### RECORDS FOR THIS EXERCISE

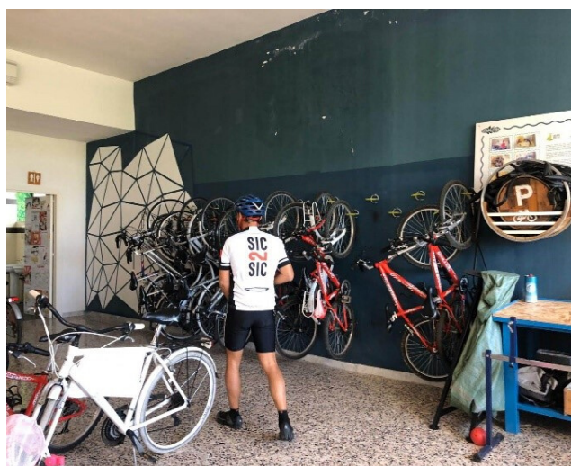
Officina presso il Salento Bike Caffè San Nicola LE
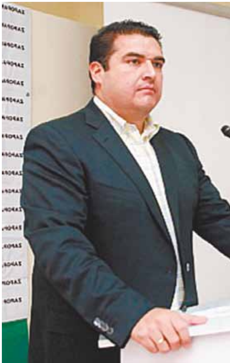
✘ Héctor Vielma, alcalde de Zapopan y presidente del Consejo de Administración, congruente en su discurso contra la corrupción destapó la cloaca del SIAPA.

Quienes conocen de cerca de Héctor Vielma saben de su mecha corta y absoluta intolerancia contra cualquier indicio de corrupción y malos manejos. En su administración ha cortado cabezas ante la más mínima sospecha y, en el caso del SIAPA, no podía ser de otra manera
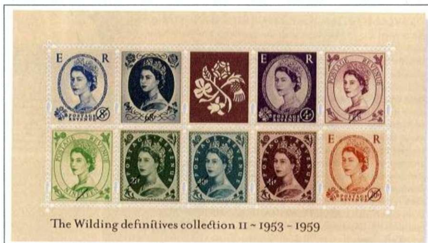
De zegels uit "The Wilding definitives collection II 1953-1959"
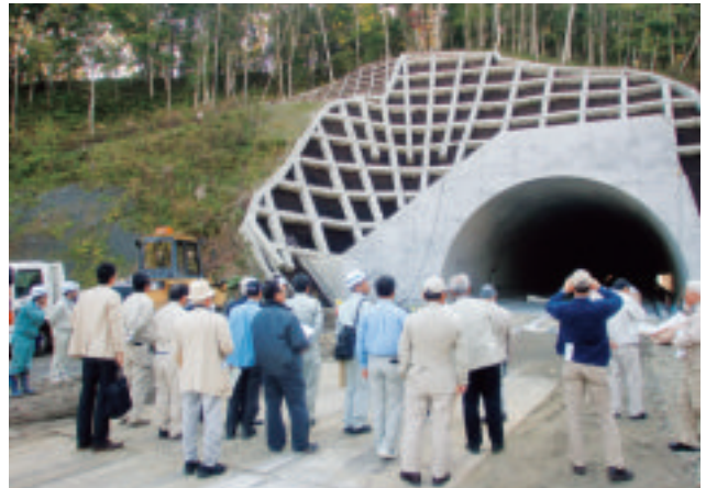
【白音トンネル釧路側坑口】
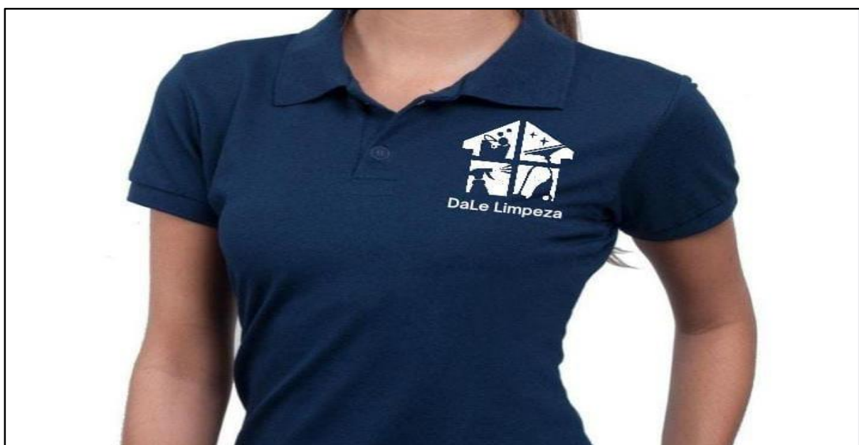
Figura 8
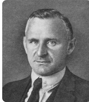
Q1: Carl Friedrich Goerdeler
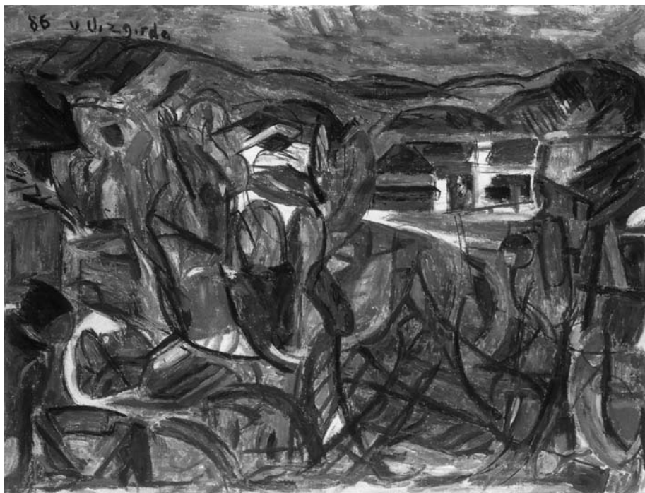
Viktoras VIZGIRDA. Los Angeles apylinkės . 1986. Drobė, akrilas. 91,4 × 121,9
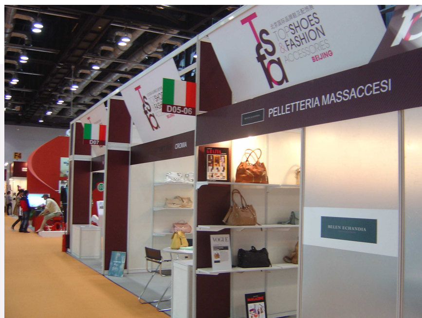
Zona de expositores italianos
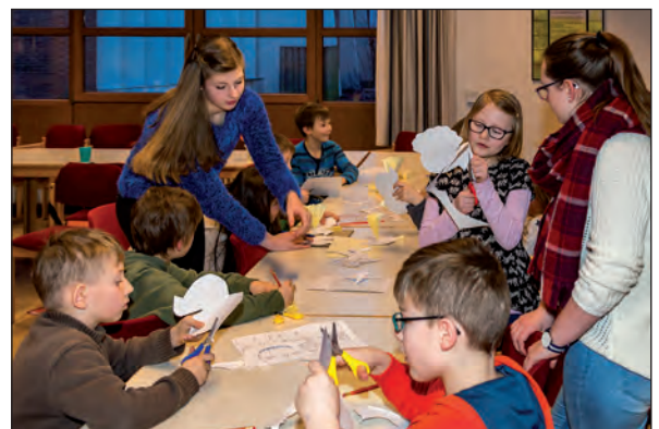
Die Konfi3-Kids haben viel Spaß beim Basteln.

Für alle Kinder, die neugierig geworden sind, besteht in Zukunft die Möglichkeit, im Jugendposaunenchor Lingen mitzuwirken. Hierfür wird in Kürze zusammen mit der Musikschule des Emslandes auch ein Ausbildungskurs unter professioneller Anleitung angeboten, dessen Kosten zur Hälfte durch die Kirchengemeinden übernommen werden! Dazu werden dann auch alle weiteren Infos verteilt.
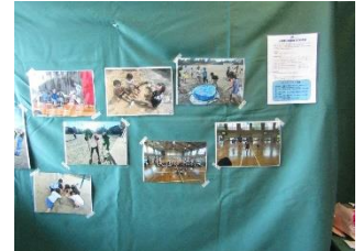
大岡南小学校放課後教室
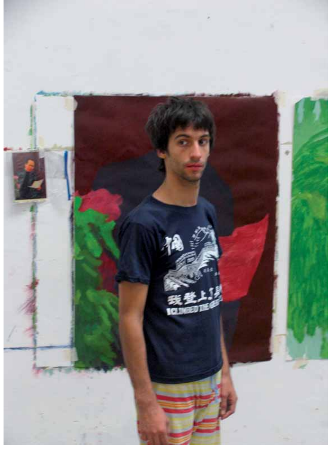
Texto y foto: Lorea Alfaro
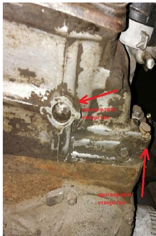
Двигатель ВАЗ 2101-06
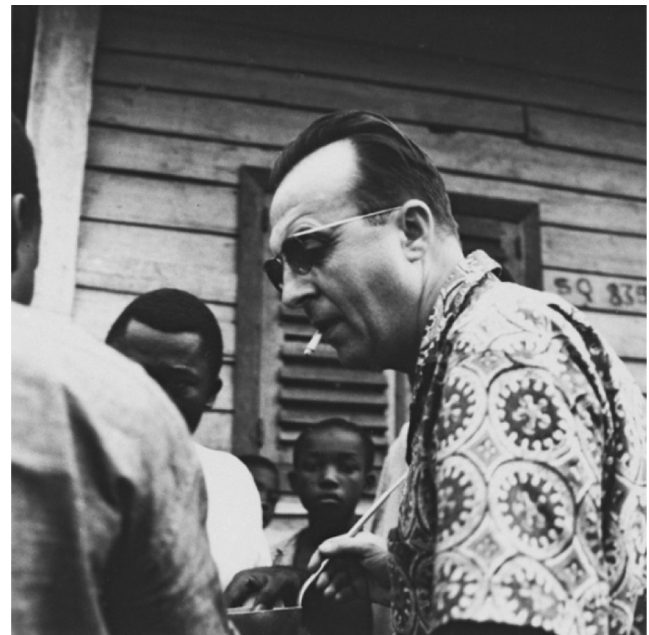
Fig. 1 Cameroun, 1975 – Enquête paludisme © IRD / Cameroon, 1975 – Malaria enquiry © IRD

Puis, porté par le goût de la découverte et du monde tropical, il abandonne un métier sûr et rémunérateur pour intégrer l'ORSOM (Office de la recherche scientifique outre-mer) en 1952. Cet organisme avait été créé par un décret du 11 juin 1942 et la loi du 11 octobre 1943 qui faisaient suite à la volonté exprimée en 1937 par le gouvernement Blum d'avoir un organisme capable de promouvoir la recherche dans les colonies françaises. L'Office de la recherche scientifique coloniale (ORSC) était né. Cette création sera confirmée par une ordonnance du gouvernement provisoire de la république française en date du 24 novembre 1944 et l'organisme changera rapidement de nom pour devenir en juin 1949 l'ORSOM puis l'ORSTOM (Office de la recherche scientifique et technique outre-mer) le
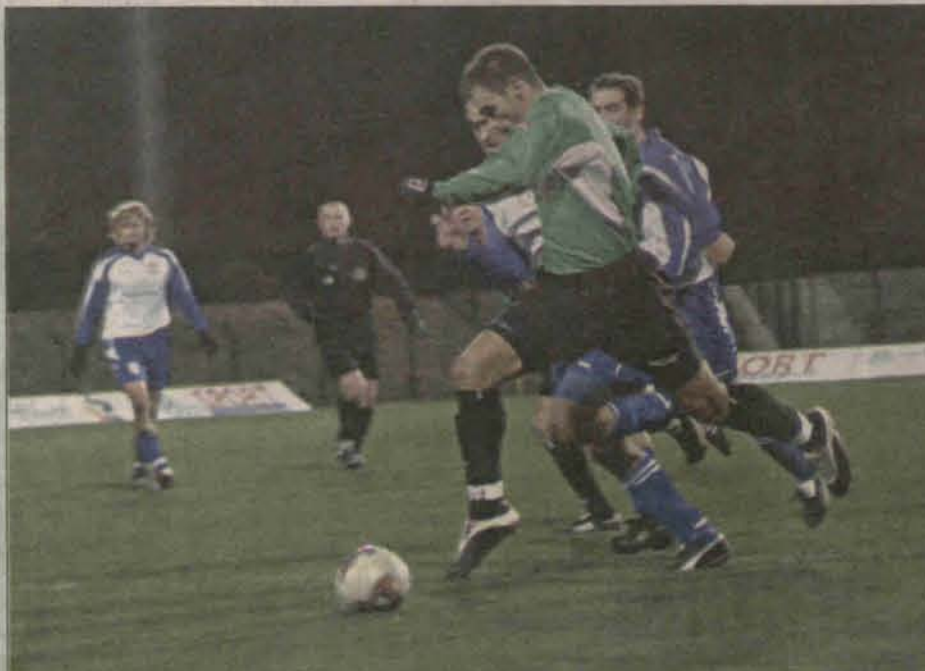
Mecz z Kotwicą Kołobrzeg był jednym z niewielu wygranych przez piłkarzy Górnik.

Miniony rok nie był dobry dla Górnik. Gracze z Kopalnianej po dwumeczu barażowym z Cracovią opuścili ekstraklasę. Równie słabo szło im na drugoligowych boiskach, gdzie wygrywali bardzo rzadko. Mamy nadzieję, że wraz z nowym rokiem dla czarno-zielonych przyjdą lepsze czasy.
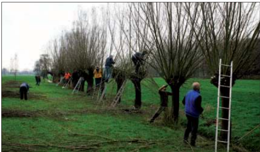
Wilgen knotten tijdens de natuurwerkdag vorig jaar.

In het Overbos, een onderdeel van het landgoed Vollenhoven wordt al decennialang multifunctioneel bosbeheer toegepast. In het deel met een verschralend grasland ligt een del waarin jonge elzen gestoken worden. Voor gereedschap wordt gezorgd. Na afloop is er koffie met een knabbel. Hier denkt men te werken van 9.00 tot 12.00 uur. Er is werk maximaal 15 personen en er zijn nog 8 plekken over. De locatie is Utrechtseweg 18 in De Bilt. Er wordt verzameld tegenover landgoed Vollenhoven aan de Utrechtseweg 18, De Bilt: ingang het Overbos. Parkeren op de parallelweg/fietspad. De Natuurwerkdag wordt georganiseerd door Landschapsbeheer Nederland in samenwerking met Natuurmonumenten, Staatsbosbeheer en Scouting Nederland en wordt ondersteund door IVN Vereniging voor natuur- en milieueducatie, Nederlandse Jeugdbond voor Natuurstudie (NJV), ANWB en KNNV vereniging voor veldbiologie.
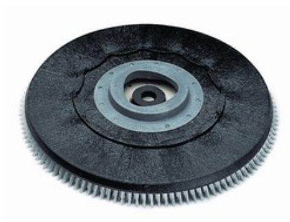
Držák padu se štětiniami Nilfisk 510mm (20")
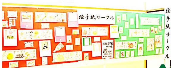
たびと絵手紙サークル
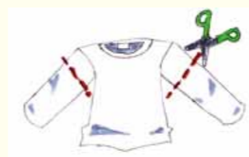
① 上着の長袖を 40cm くらいに切る。
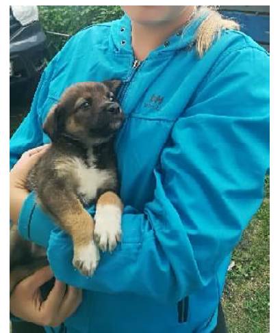
«Мальчик» из разрушенного детского сада обрёл дом и семью
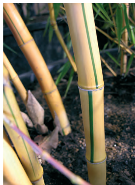
Phyllostachys vivax Aureocaulis.

trompés. Les bambous sont des végétaux extraordinaires, de par leur construction cellulaire, aux caractéristiques physiques dépassant celle du béton armé. Ils plient
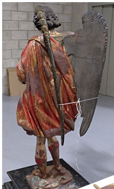
FIG. 6. Reintegración de pérdidas matéricas en la trasera escultórica.
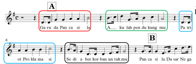
Gambar 3. Motif Utama dan Kembangan Lagu Garuda Pancasila

lagu Garuda Pancasila terdapat 2 motif, yaitu motif utama dan motif kembangan. Perhatikan gambar berikut!
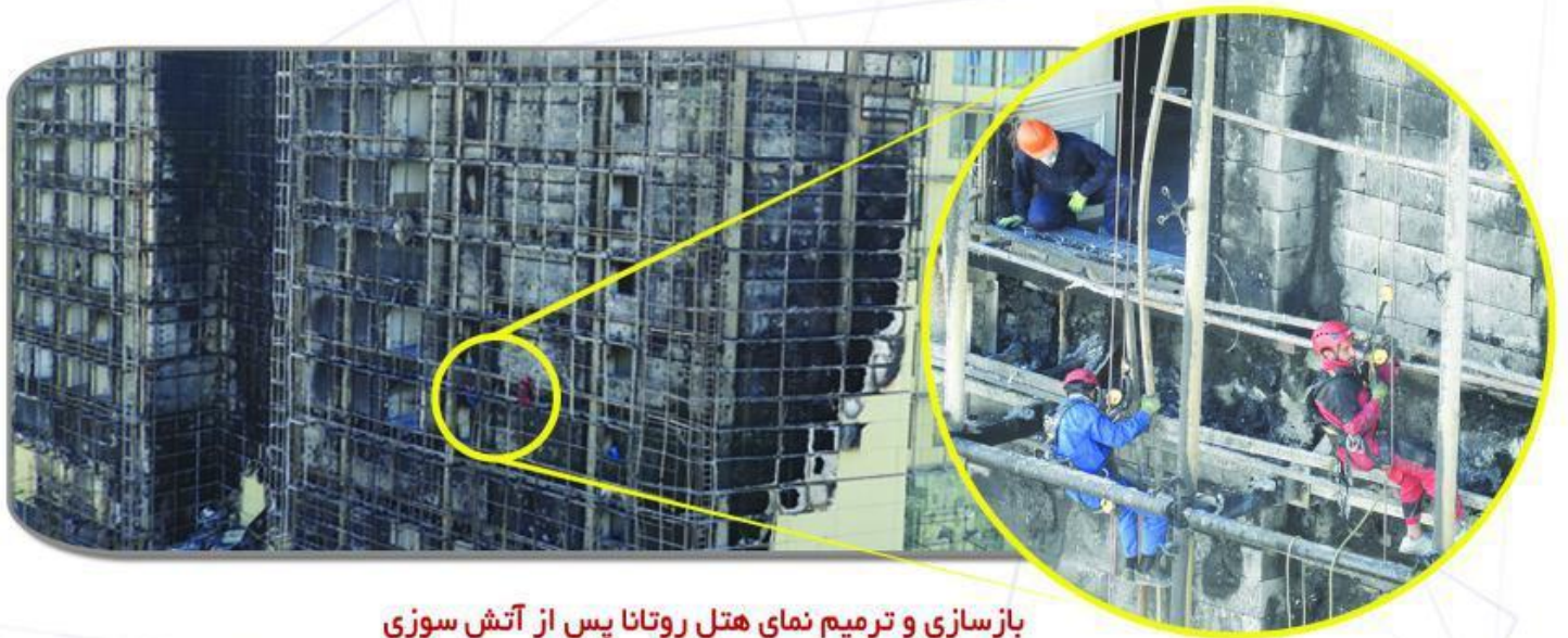
بازسازی و ترمیم نمای هتل روتانا پس از آتش‌سوزی

امروزه متاسفانه برج‌ها و ساختمان‌های زیادی به علت حوادث غیرمترقبه‌ای مانند آتش‌سوزی یا زلزله، دچار آسیب جدی می‌شوند. خوشبختانه تکنیک دسترسی با طناب به علت سرعت عمل بالا، شرایط بازسازی را آسان‌تر کرده است.
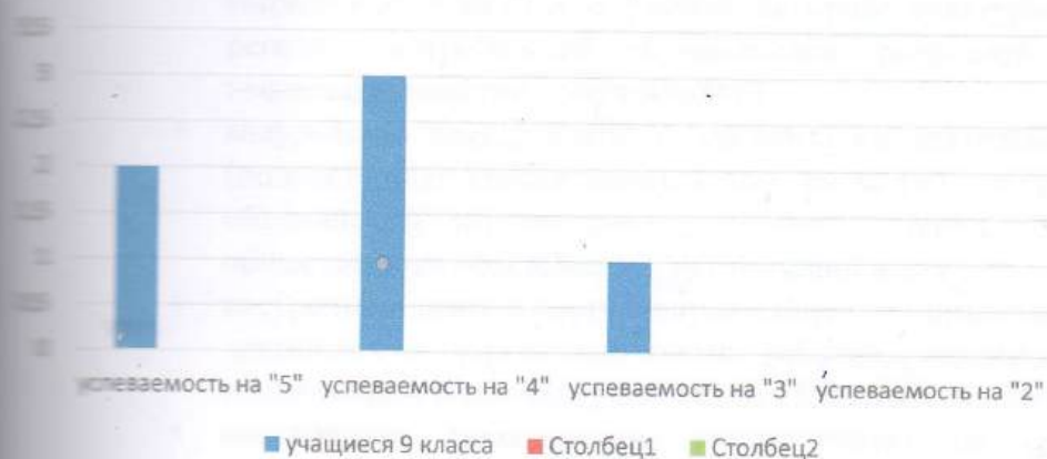
Успеваемость обучающихся 9 класса

В аттестат об основном общем образовании всем обучающимся была выставлена годовая оценка. Качество знаний и успеваемость выпускников 9 классов по итогам государственной итоговой аттестации отражено в диаграмме.
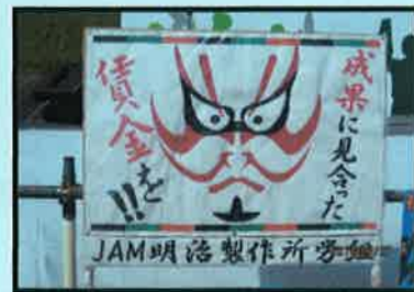
明治製作所労働組合
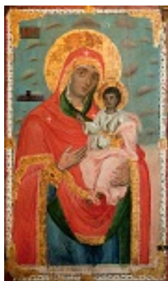
Η παλαιά εικόνα της Παναγίας της Βλασσαρούς
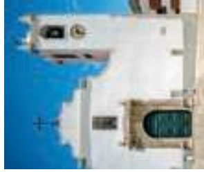
Église paroissiale de Santa Catarina da Fonte do Bispo

Centre d'exposition de la Coopérative de Santa Catarina da Fonte do Bispo (page de droite)
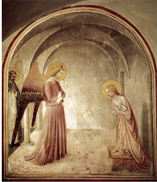
2. Fra Angélico, Anunciación , hacia 1440-1441. Fresco. Florencia, Convento de San Marcos.

Ese pasaje que va de la inmovilidad –de una iconología que analiza los motivos visibles o de una semiología que opera dentro de un sistema de signos estáticos– a la movilidad dentro de las formas visuales, terminará por encontrar una vía de apertura recién cuando sea la propia mirada de Didi-Huberman la que realice un descentramiento y se detenga, en ese mismo convento renacentista, en otra imagen que lo llevará a desplegar su análisis de la temporalidad.
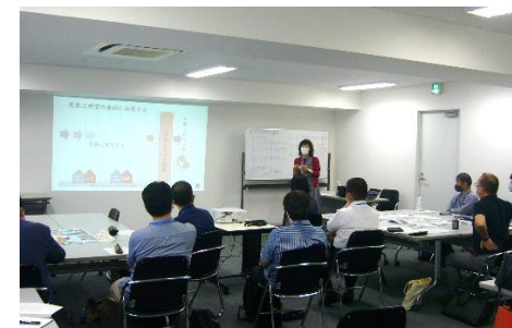
<景観まちづくり講座の講義の様子>

・地域で活躍するまちづくり建築士等にインタビューし、まちづくりの秘訣などを動画でまとめ、WEBによる情報発信をめざす。
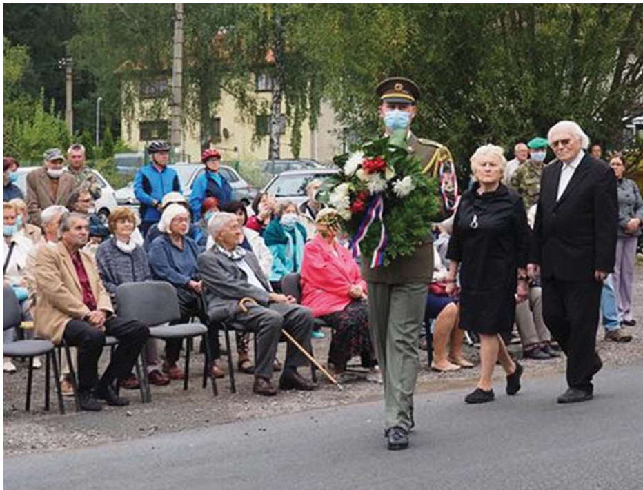
Setkání PTP Svatá Dobrotivá
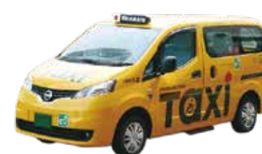
日産自動車 NV200タクシー
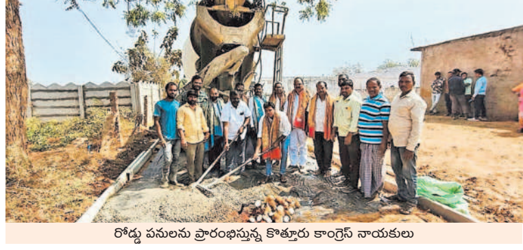
రోడ్డు పనులు ప్రారంభిస్తున్న కొత్తూరు కాంగ్రెస్ నాయకులు

సిటీబ్యూరో, ఫిబ్రవరి 11 : అధికారంలో ప్రజాప్రతినిధులలో ప్రారంభించాల్సిన అభివృద్ధి పనులను కాంగ్రెస్ నాయకులు ప్రారంభిస్తున్నారు. పనుల ప్రారంభ సమయంలో ఉండాలని అధికారుల జాడ కనిపించడంలేదు. గ్రామాల్లో సర్పంచులు, ఎంపీటీసీలు లేకపోవడంతో ప్రత్యేక అధికారులతో పాటు సమస్యను దిద్దు. అయితే గ్రామంలో ఏ అభివృద్ధి పని జరిగినా దాన్ని ప్రారంభించాల్సిన మండల అధికారులు, పర్వవేక్షించాల్సిన గ్రామ ప్రత్యేక అధికారులు పాల్గొనడంలేదు. అభివృద్ధి పనుల్లో కాంగ్రెస్ నాయకులు నూతన ఒరవడికి తీరకారం చదుతు

######

**EXERCISE DIRECTIONS:** The answer is the lines of the material above, from the one containing "cloaca del SIAPA." down to the one containing "Q1: Carl Friedrich Goerdeler", given exactly and without images.

**FINAL ANSWER:**
✘ Héctor Vielma, alcalde de Zapopan y presidente del Consejo de Administración, congruente en su discurso contra la corrupción destapó la cloaca del SIAPA.

Quienes conocen de cerca de Héctor Vielma saben de su mecha corta y absoluta intolerancia contra cualquier indicio de corrupción y malos manejos. En su administración ha cortado cabezas ante la más mínima sospecha y, en el caso del SIAPA, no podía ser de otra manera
De zegels uit "The Wilding definitives collection II 1953-1959"
【白音トンネル釧路側坑口】
Figura 8
Q1: Carl Friedrich Goerdeler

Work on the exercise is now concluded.